The duration of anticoagulant therapy in patients with HIT is determined by the presence or absence of thrombosis. Among patients without thrombosis, direct thrombin inhibitors are recommended until platelet counts normalize, and then additional anticoagulant therapy (warfarin) is recommended for an additional 4 to 6 weeks because of a persistent prothrombotic state.⁴¹ For patients with HIT who experience thrombosis, duration of anticoagulation (beyond direct thrombin inhibitor therapy) is determined by the specific thrombotic event.³ Regardless, warfarin is not initiated until after the platelet count has recovered to normal levels because of the potential for warfarin skin necrosis secondary to depletion of functional protein C.³

Because treatment of HIT pertains specifically to patients with malignancy, few data are available. The NCCN Guidelines for VTE (in this issue; to view the most recent version, visit www.NCCN.org) recommend considering direct thrombin inhibitors if the 4T's score is 4 or greater.³¹ Although no differences in risk associated with direct thrombin inhibitors per se are seen in cancer patients, they may have an increased propensity towards multiorgan insufficiency (specifically hepatic and renal), whether because of disease involvement (hepatic metastases) or treatment effects (chemotherapy-related nephropathy or volume depletion), potentially making treatment of HIT in these patients more tenuous.

Conclusions

HIT is an immune-mediated reaction to heparin products that is associated with significant morbidity and mortality. The diagnosis is primarily clinical but is often supported with laboratory evaluation for the presence of heparin-PF4 antibodies. HIT presents a diagnostic challenge in many cases, and perhaps even more so in patients with cancer. Unfortunately, current understanding of HIT in patients with cancer is incomplete and current clinical prediction models for HIT risk are inherently biased toward underdiagnosis in these patients.

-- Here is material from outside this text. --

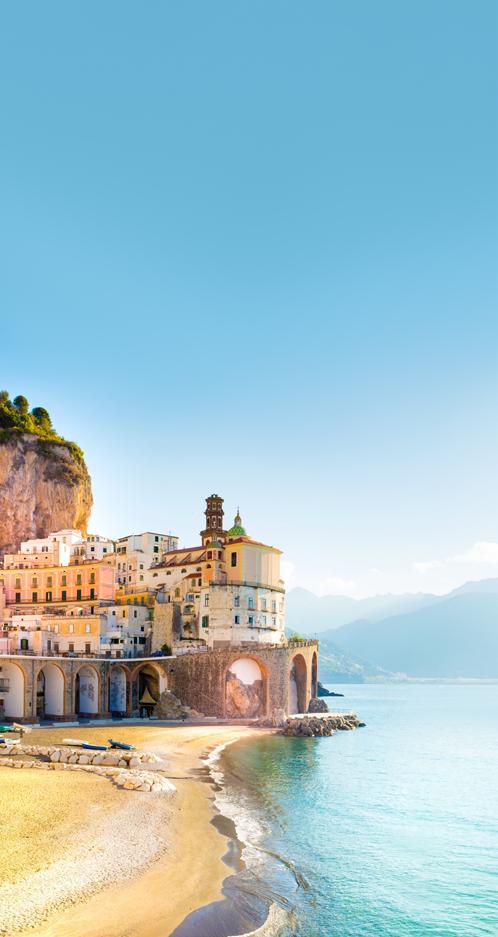 Start your Sorrento sojourn in the charming historic centre, where you can visit the 14thcentury Chiesa di San Francesco, and savour local cuisine at family-run trattorias. Don't miss a visit to the dramatic cliffs of Sorrento's coastline, with stunning views of the Gulf of Naples and Mount Vesuvius. Explore the picturesque fishing village of Marina Grande, known for its colourful boats and fresh seafood restaurants. On the Amalfi Coast, discover Positano's iconic pastelhued buildings and the historic town of Amalfi itself, home to the stunning Amalfi Cathedral. Not to be missed is a day trip to the ruins of Pompeii and Herculaneum, frozen in time by the eruption of Mount Vesuvius in AD 79.

Future efforts should focus on not only characterizing the epidemiology of HIT in cancer patients but also determining whether the phenotype of HIT differs in patients with cancer (i.e., is even more prothrombotic). These efforts eventually will allow development of prediction models that are tailored to the oncologic population. Specifically, models must account for baseline platelet counts; concomitant use of chemotherapy or radiation, with attention paid to regimen-specific risks of thrombocytopenia; and increased thrombotic events in the oncologic population.